To get the $Q(s_t,a_t;w)$, it means the estimation of $\mathbb{E}[U_t]$, the $Q(s_{t+1},a_{t+1};w)$, means the estimation of $\mathbb{E}[U_{t+1}]$, So the method equation is.

$$ Q(s_t,a_t;w) \approx \mathbb{E}[R_t+\gamma \times Q(S_{t+1},A_{t+1};w)] $$

The left of this equation is the prediction and the right of this equation is the TD target. SO we could get this equations.
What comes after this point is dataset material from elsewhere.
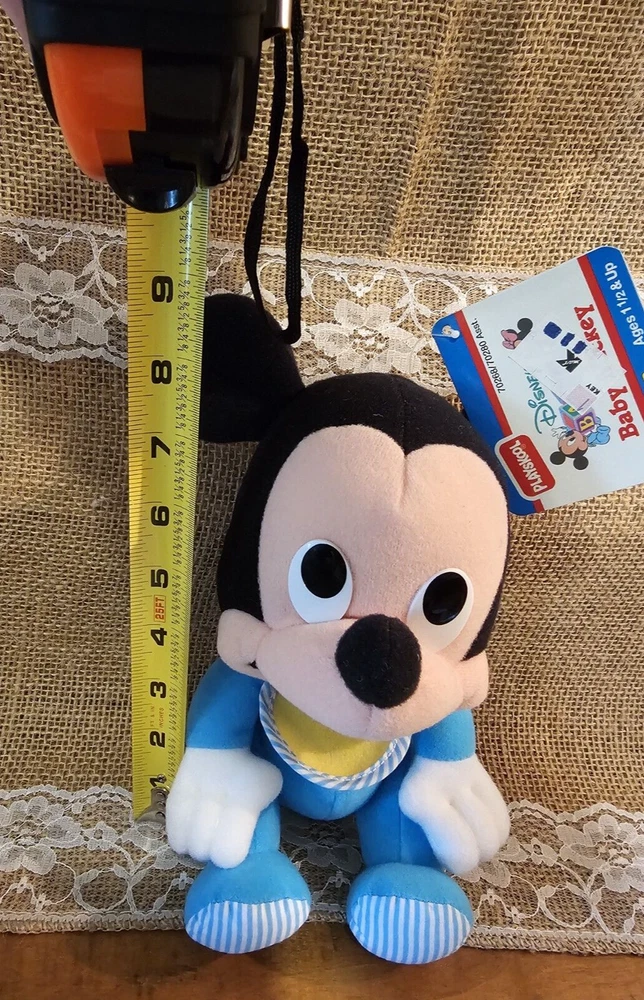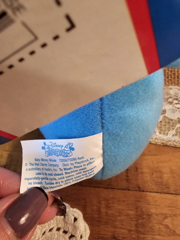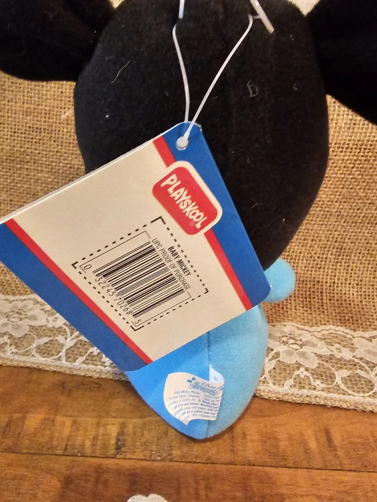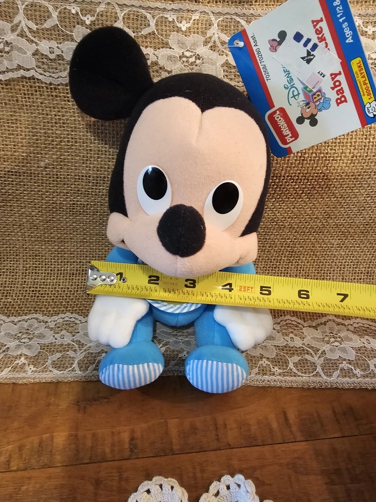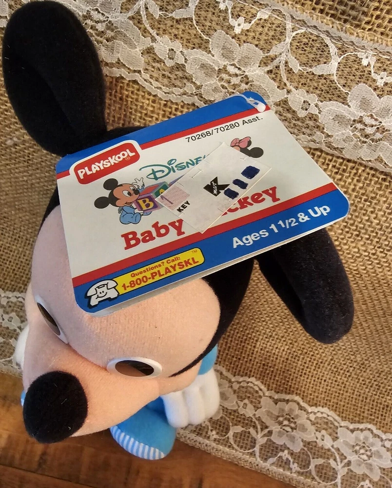 This vintage Disney Babies plush doll from 1984 features the beloved character Mickey Mouse. Measuring 8 inches tall, this doll is a perfect addition to any Disney or plush toy collection. The doll is made by Playskool and comes with a tag, making it a great gift for collectors or fans of the iconic character. The doll is in great shape and has been well-maintained over the years. It is a must-have for any Disney or Mickey Mouse enthusiast. Don't miss out on the opportunity to own this rare and collectible piece of Disneyana history.

Prediction:$Q(s_t,a_t;w_t)$

TD target:

$$ y_t = r_t + \gamma \times Q(s_{t+1},a_{t+1};w_t) \\ \quad \quad = r_t + \gamma \times \mathop{max}\limits_{a}Q(s_{t+1},a;w_t) $$

Loss:$L_t=\frac{1}{2}[Q(s_t,a_t;w)-y_t]^2$

The ultimate goal: $$ Q^*(s_t,a_t) = \mathop{max}\limits_{\pi}\mathbb{E}[U_t|S_t = s_t, A_t = a_t] $$

The $Q(s,a;w)$ is a neural network parameterized by $w$, we could input the observed state $s$ then it’ll output the scores for every action $a \in \mathop{A}$.

The TD target is similar to the famous equation named Bellman Euqation, we could remember this equation because it’s the heart of the reinforcement learning.

Bell equation: $$ Q_{*}(s_t,a_t) = \mathbb{E}_{S_{t+1}~p(·|s_t,a_t)}[R_t+\gamma \times \mathop{max}\limits_{A \in \mathop{A}}Q(S_{t+1},A)|S_t = s_t,A_t=a_t] $$

At last, the method based on value could solve the problem like this and I considered if this estimate could be used in the evaluate question, I’m always thinking about this, if someone has the same thought, please tell me in the comment module.